Join the Conversation

7 Comments

  1. Mr. Kenney got exactly the candidates he wanted. However, he probably hoped that some of their past comments wouldn’t come to light at such a politically inopportune time. Mr. Jesperson got it right as Wilberforce leanings were not regarded as a liability in their vetting process, but an asset by Kenney and the UCP. This is exactly why we are at this point now.

    I never found the UCP protestations that they did not want to focus on social issues and just on the economy very convincing. They are chock full of social conservative activist candidates, past and present starting right at the very top. This protestation did reassure some moderate conservatives for a while, or at least it did until it became evident that like the grassroots guarantee and no kamikaze collusion it was just another politically convenient fairy tale told by Kenney to hold together an unweildly coalition.

    I think this is not Lake of Fire II, at least not quite yet. However, there are no shortage of UCP troubles right now and I think it will be the combination of all of them that ultimately does serious political damage to them.

  2. The rules are different now that the nomination deadline has passed, and the UPC cannot simply replace Smith with a (hopefully) more savory candidate.
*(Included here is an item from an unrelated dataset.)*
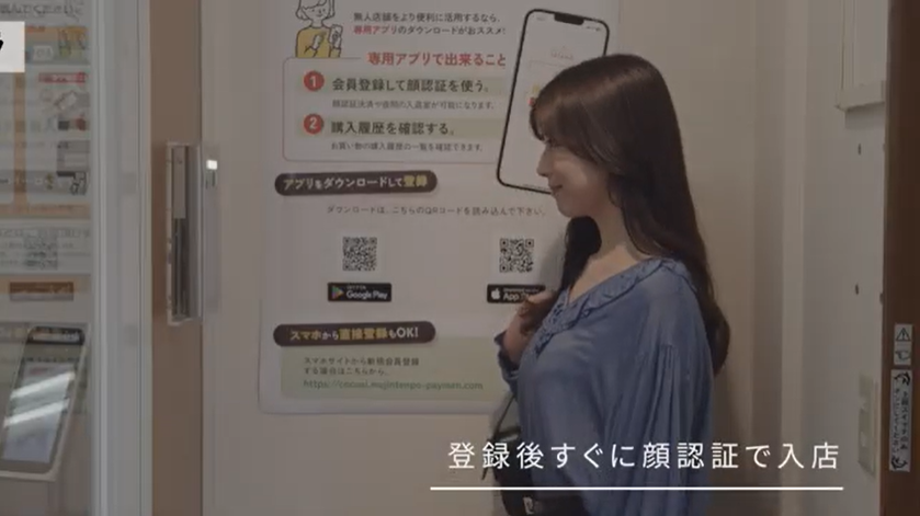 利用者はスマホアプリで顔写真を登録するだけで、会員登録 → 入店 → 決済までをワンストップで完了できます。顔認証が使えない場合は、二次元コードでも入店・決済が可能です。

If the UPC were to expel Mark Smith, it would define a standard that warrants expulsion, which, of course, they would be expected to maintain for the rest of the campaign.

    Is the reason Jason Kenney isn’t expelling Mark Smith is because he is afraid of how many other candidates he would have to expel?

  3. David, you raise a very valid point with regards to Mark Smith as education minister, and I would seriously hope this issue will put an end to such talk. Smith was, I believe also the UPC education critic before the writ was dropped.

    A premier Kenney could have a hard time assembling a cabinet free of odious members.

  4. Rachel Notley needs to put a dagger straight in the heart of UCP intolerance and bigotry tonight. That shouldn’t be too difficult — given the overwhelming evidence and the abundance of parochial players in the UCP who have become Alberta’s newest national embarrassment.

  5. I’ve never witnessed a more toxic political environment. My wife and I are seriously considering leaving the province that we and the generation before us helped build. I’m at a loss to explain this. Sadness is much too gentle a term to describe how we feel!

  6. The real bozo eruption was Kenney’s response or lack thereof particularly his interview with Adler. It wasn’t his unwillingness to dump the candidate it was his lack of remorse for his San Francisco activities that was most telling in this interview. It’s a good interview in the sense that it shows his true character and wasn’t a partisan attack ad. I think a lot of middle of the road conservatives will start looking elsewhere this election.

    1. I agree, Jim. I wonder how many UPC candidates are hearing ‘Kenney skepticism’ from middle of the road conservatives when they are out door knocking. At this point I do believe Jason Kenney is the weakest link in the formation of a big tent conservative party.

      For a while I wondered if, fresh from hearing Kenney skepticism on doorsteps, we might see a caucus revolt once the UCP is safely elected, like we did with Alison Redford. I no longer think that, however; there seems to be so many extremist candidates I don’t think a revolt would take hold. Anti-abortion groups have bragged about how pro-life this caucus will be.